I guess the desire to be surrounded by common people is embedded in us by evolution. We survive by sticking together in a family, tribe. Presumably, this is also why we feel comfortable being surrounded by a less diverse crowd. In this context, new or unfamiliar means “danger”. These questions are being investigated by much smarter people than me, though I cannot help but speculate that it is not what nature has initially intended for us. More so, this type of approach has hindered and in many ways continues to stall our progress quite significantly. If we think about it, sharing, trading and mingling with other cultures really brought out the best in us. Once we discovered ways to commute and, more importantly, communicate with others we reached new heights on all fronts. So it seems any challenges that might be associated with the new, different and unknown, even ultimately dangerous at times, really tend to make us push our limits and establish a new norm, typically a better one. So whenever we are “comfortable” in our surroundings and “satisfied”, we are in danger of missing out on truly maximizing our potential, as people, group, society.

I see some resemblance to local vs global maxima problem in mathematics, i.e., what seems like a maximum value (of a given function) is really is just a (much) smaller value compared to the true maximum value. This is really a result of not having a “bird’s-eye view” of the function (i.e., see the big picture). We only can estimate what it really is, like searching in the dark. This is how I feel about our tendency to be afraid of change, any change. We are stuck in the local maxima of the “function of life”. If we had the ability to zoom out and see all the possible values of this complex function, I think we would discover that we really need diversity to reach its global maxima.
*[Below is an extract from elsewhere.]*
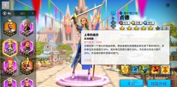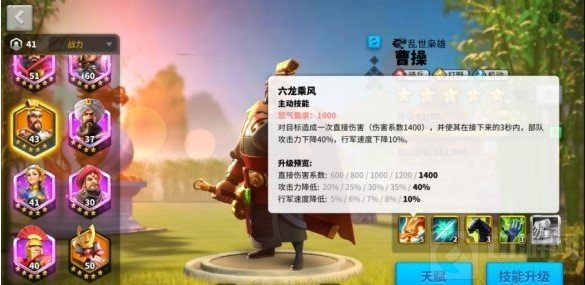 源义经获取门槛非常低,首充就可以获得,并且可以轻松将一技能升到五级,曹操可以从宝箱获得,两个将领的一技能伤害在前期非常可观,加上被动对骑兵攻击的加成和野蛮人的增伤,伤害爆炸。此外曹操一技能还能降低40%的对方攻击力,并且有几率回血,提高了生存能力,在满编T2或者T3T2骑兵混编的情况下,轻轻松松就能拿下圣坛。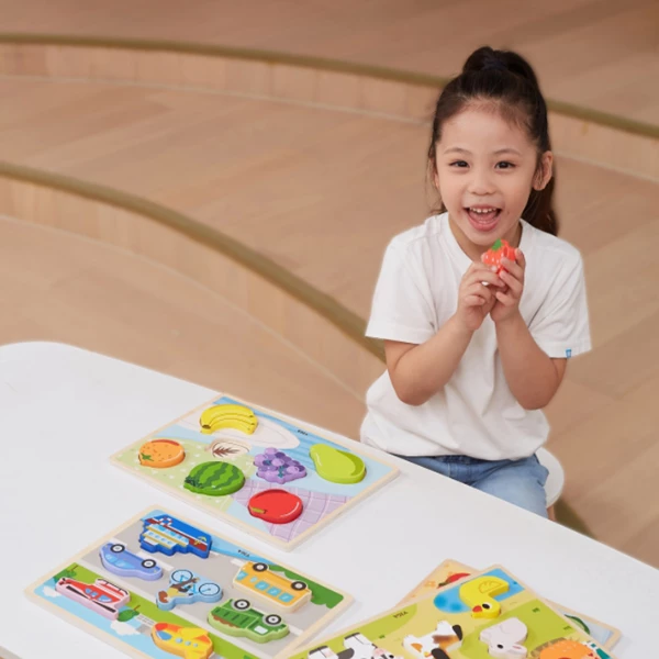 Деревянный тактильный пазл от бренда VIGA с ярким мотивом фруктов. В набор входит красочная основа и 7 элементов. Задача ребёнка — подобрать плитки с изображениями фруктов и вставить их в соответствующие места на основе, где для удобства изображены контуры недостающих элементов. Такая игра помогает развивать точность движений рук, улучшать зрительно-моторную координацию, тренировать память, логическое мышление и концентрацию. Благодаря достаточной толщине деталей, пазлы можно использовать и как отдельные фигурки для игр.

To strengthen my point, I think it is useful to look at a domain such as Engineering. To me, this is a great example of how diversity can be used to build larger and bigger things. We designed systems that are capable of doing incredible things. We devised complex theories and have shown that by combining a mixture of very diverse techniques and methodologies facilitates a path to amazing things. Our system designs are based on many different ideas, programming languages, instructions, machine commands and finally bits. Researchers and engineers are constantly looking for inspiration, ideas from different domains, as well as finding ways to connect many different components which make for a more robust system. I know that perhaps this generalization can be interpreted to mean something completely different. For example, we always try to harmonise the components to make sure they work as one, but the point really is that as engineers (and designers) we really are not afraid to bring in new diverse components, while when it comes to our personal life, diversity can sometimes be misinterpreted as an unwanted thing.

While building systems, as engineers we think of the “big picture”: finding ways for different components to work together to make a better system, as people, outside engineering, we tend to be happy with the “local maxima”. In other words, as designers and engineers we embrace and even seek diversity, however, collectively as humanity we seem to be afraid of it or challenge its benefits.
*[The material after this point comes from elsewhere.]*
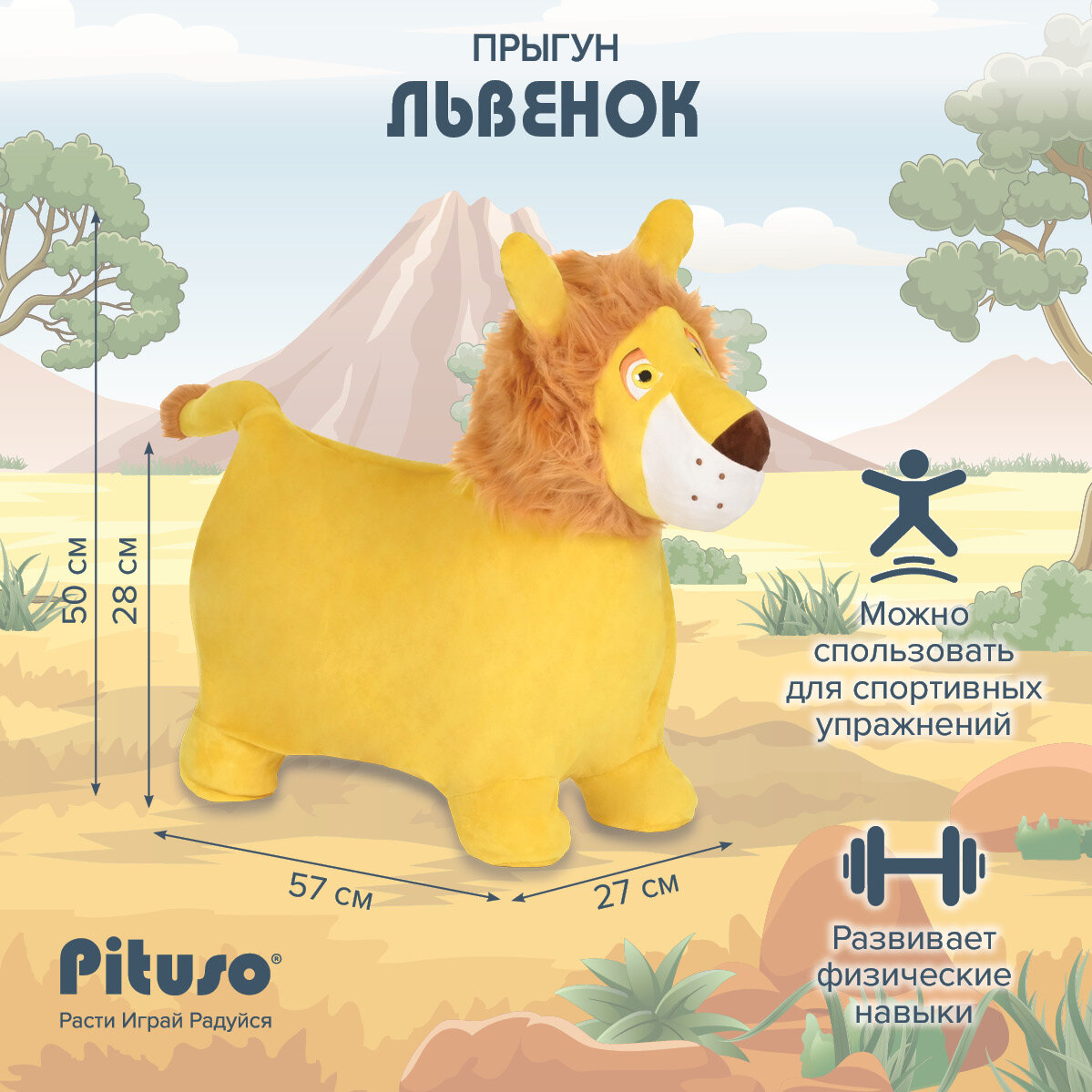 Отзывы на Игрушка-попрыгун Pituso Львёнок,со звуковым эффектом, с насосом и съёмным плюшевым чехлом, 57х27х50 см

Granted, things are gradually changing. We notice the workplaces start to encourage diversity, also diversity is more often spoken about and students are motivated to write essays about it. Like this one. Nevertheless, to me, it seems that we already failed the “diversity test” once we feel that we need to motivate diversity. My argument here is that in many domains diversity is not encouraged it’s the expected norm; it’s hidden and not obvious and that what makes it so powerful. We shouldn’t forget that, after all, diversity is a yet another label we humans invented alongside many other labels. These make our life easier: We can blame, glorify, worship and cherish things that are well defined, concepts that are visible and understood to us. Yet there is a great power in the unknown and combining different ideas, people and verity of other things tend to work out well collectively.
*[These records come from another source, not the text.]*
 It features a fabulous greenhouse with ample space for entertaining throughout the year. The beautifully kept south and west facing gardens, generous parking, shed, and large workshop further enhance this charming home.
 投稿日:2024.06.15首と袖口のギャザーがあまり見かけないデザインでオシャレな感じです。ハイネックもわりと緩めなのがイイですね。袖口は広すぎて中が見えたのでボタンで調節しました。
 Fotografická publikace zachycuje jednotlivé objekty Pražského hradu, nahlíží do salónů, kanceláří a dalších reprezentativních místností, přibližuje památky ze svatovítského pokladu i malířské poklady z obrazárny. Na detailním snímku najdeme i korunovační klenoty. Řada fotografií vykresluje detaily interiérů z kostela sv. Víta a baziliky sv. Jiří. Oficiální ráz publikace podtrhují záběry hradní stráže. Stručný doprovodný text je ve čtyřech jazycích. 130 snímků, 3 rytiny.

In summary, I think by limiting diversity (in anything) we limit progress, any positive progress. It is hard to fight our inherent feelings and perspectives that were formed by our experiences as we grow, but we can always be aware of their limitation and use heuristics to improve ourselves and the processes we manage. As a rule, if you are building something that lacks diversity, you are probably doing it wrong. If you are part of the team of people who are very similar to each other, you are at a risk of stalling your progress. All rules/habits have “exceptions”, learning from those that challenge our conventional thinking is what diversity is all about.